Leggo con indignazione, come cittadina, come insegnante e come ex socia, la posizione del segretario provinciale del Pd, Paolo Calvano, relativamente all’affaire Coop Costruttori e al sistema cooperativo in genere, in un articolo nel quale si sostiene che “prende decisamente le distanze da una polemica che riguarda storie di un passato che, a suo dire, hanno poco a che fare con i nuovi dirigenti del Pd ferrarese”, oltre che affermare di “non conoscere il periodo che ha vissuto E. Checcoli e i modi in cui l’ha vissuto, …”.
Per quanto si cerchi di inabissare il crac costruttori, miliare tassello del nostro sistema socio-economico territoriale, sul quale si sta calando silenziosamente il velo della damnatio memoriae, credo che una posizione di questo tipo sia il sintomo più chiaro del crollo di un’ideologia di sinistra che ora smania di costruire grandi castelli di cristallo sull’argilla.

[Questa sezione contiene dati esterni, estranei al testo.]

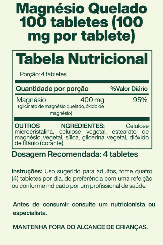 Magnésio Quelado 100 tabletes (100 mg por tablete) - Solgar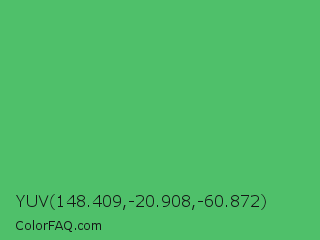 YUV 148.409,-20.908,-60.872 Color is a normal green color and the nearest color is Emerald #50c878. Hex code #4fc06a and RGB value is rgb(79,192,106). In RGB color space, this color is composed of 31% red, 75% green, 42% blue, In CMYK color space, this color is composed of 59% cyan, 0% magenta, 45% yellow , 25% black , In HSL color space, this color has a hue angle of 134° , 47% saturation and 53% lightness.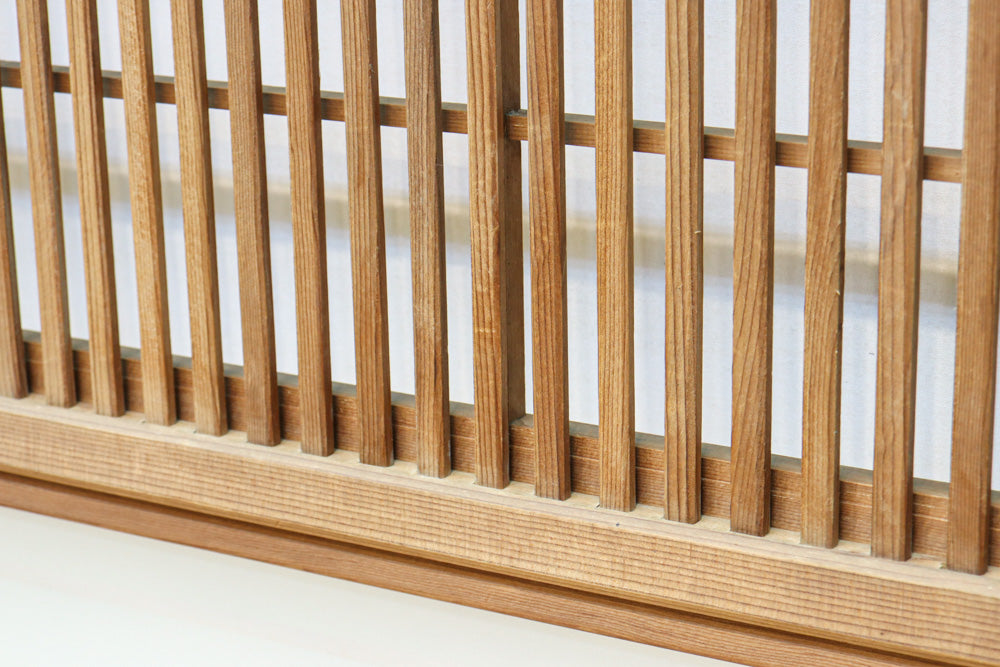 上質な木地の色彩や繊細な格子の並びと共に風情を深めます。

Trovo pericoloso, scoraggiante e imprudente sapere che nella città in cui vivo protagonisti della sinistra  fingano di non conoscere o non considerino la storia antropologica e sociale da cui è nata ed è maturata la loro ideologia.
Sembra paradossale. Tuttavia, mi spiego, finalmente i silenzi e le assenze di chi avrebbe potuto intervenire con senso di responsabilità e doverosamente sul merito della vicenda giudiziaria il cui peso sociale difficilmente può essere capito o seguito da chi ragiona con una tale miopia. Se qualche esponente politico avesse partecipato a qualcuna delle udienze che da tre anni fotografano la storia del crac Costruttori in Tribunale, ragionerebbe in modo più complesso e non si chiamerebbe fuori da un affare che ha cambiato il volto della politica ferrarese e non solo considerato che si trattava della quarta cooperativa più importante in Italia. Ciò che ho letto è un insulto a chi ha perso tanto, non solo in termini di denaro, ma di ideologia e certe dichiarazioni fanno intuire che i nuovi volti del Pd preferiscono, come conviene di più, lasciare dietro alle spalle il marcio e far dimenticare, anzichè collaborare per risolvere e salvare il salvabile anche attraverso la semplice conoscenza di ciò che è successo e cos’ha comportato questo crac nella vita delle singole famiglie.
Il vicino Giorno della memoria  ci insegna che se non ricordiamo non possiamo migliorare o evitare che gravi errori vengano rifatti, per quanto il crac Costruttori non sia ovviamente da paragonare al dramma umano dei genocidi.